🤖 AI Summary
Current automated program repair (APR) methods over-rely on static analysis while neglecting dynamic runtime behavior, limiting their ability to guide large language models (LLMs) toward accurate fixes.
Method: This paper presents the first systematic investigation into how program execution traces enhance LLM-based repair. We propose a trajectory-injection prompting strategy that structurally incorporates dynamic execution information into LLM inputs while maintaining可控 computational complexity.

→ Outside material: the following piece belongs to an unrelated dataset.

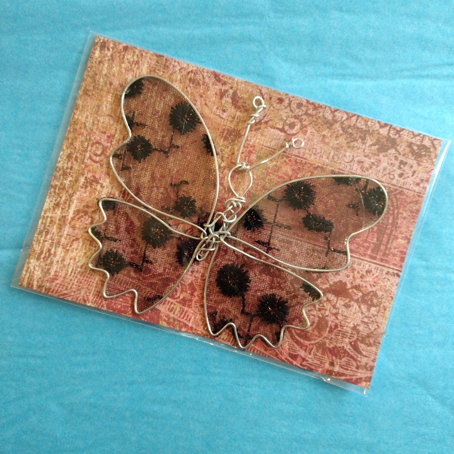 Handmade wire and fabric decorative hanging butterfly by Karen Williams.
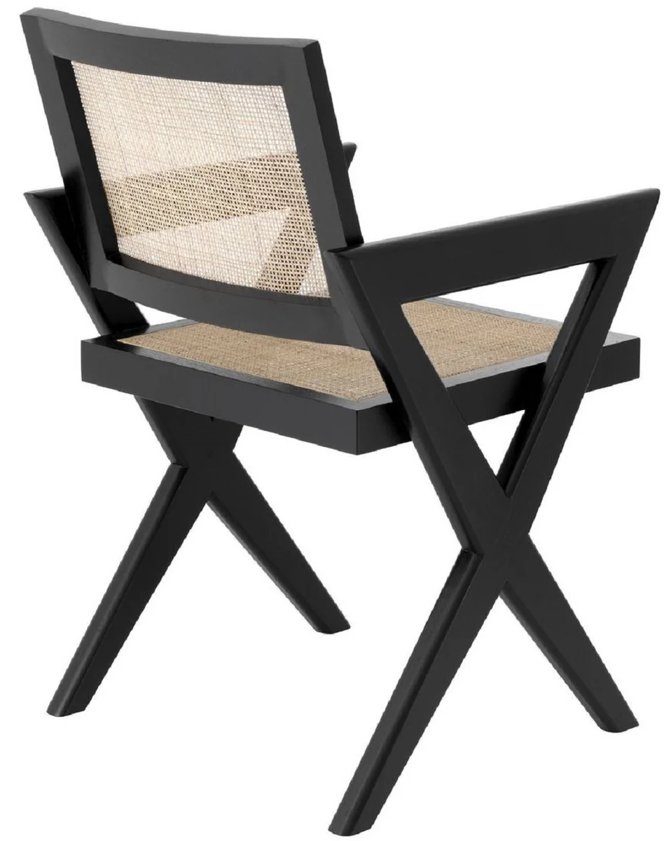 Casa Padrino silla de comedor de lujo negro / natural 53 x 57 x A. 84,5 cm - Silla de madera maciza con reposabrazos y rat¨¢n tejido a mano - Muebles de comedor de lujo

Contribution/Results: Extensive evaluation across six dataset–model combinations—including controlled ablation studies and probing analyses—demonstrates the efficacy boundary of execution traces: significant accuracy improvements in two configurations; consistent superiority over trajectory-free baselines and lightweight fine-tuning approaches. Our core contribution is establishing execution traces as a novel, effective signal for LLM-based program understanding, thereby enabling a scalable, dynamically aware APR paradigm.
📝 Abstract
Large Language Models (LLMs) show promising performance on various programming tasks, including Automatic Program Repair (APR). However, most approaches to LLM-based APR are limited to the static analysis of the programs, while disregarding their runtime behavior. Inspired by knowledge-augmented NLP, in this work, we aim to remedy this potential blind spot by augmenting standard APR prompts with program execution traces. We evaluate our approach using the GPT family of models on three popular APR datasets. Our findings suggest that simply incorporating execution traces into the prompt provides a limited performance improvement over trace-free baselines, in only 2 out of 6 tested dataset / model configurations. We further find that the effectiveness of execution traces for APR diminishes as their complexity increases. We explore several strategies for leveraging traces in prompts and demonstrate that LLM-optimized prompts help outperform trace-free prompts more consistently. Additionally, we show trace-based prompting to be superior to finetuning a smaller LLM on a small-scale dataset; and conduct probing studies reinforcing the notion that execution traces can complement the reasoning abilities of the LLMs.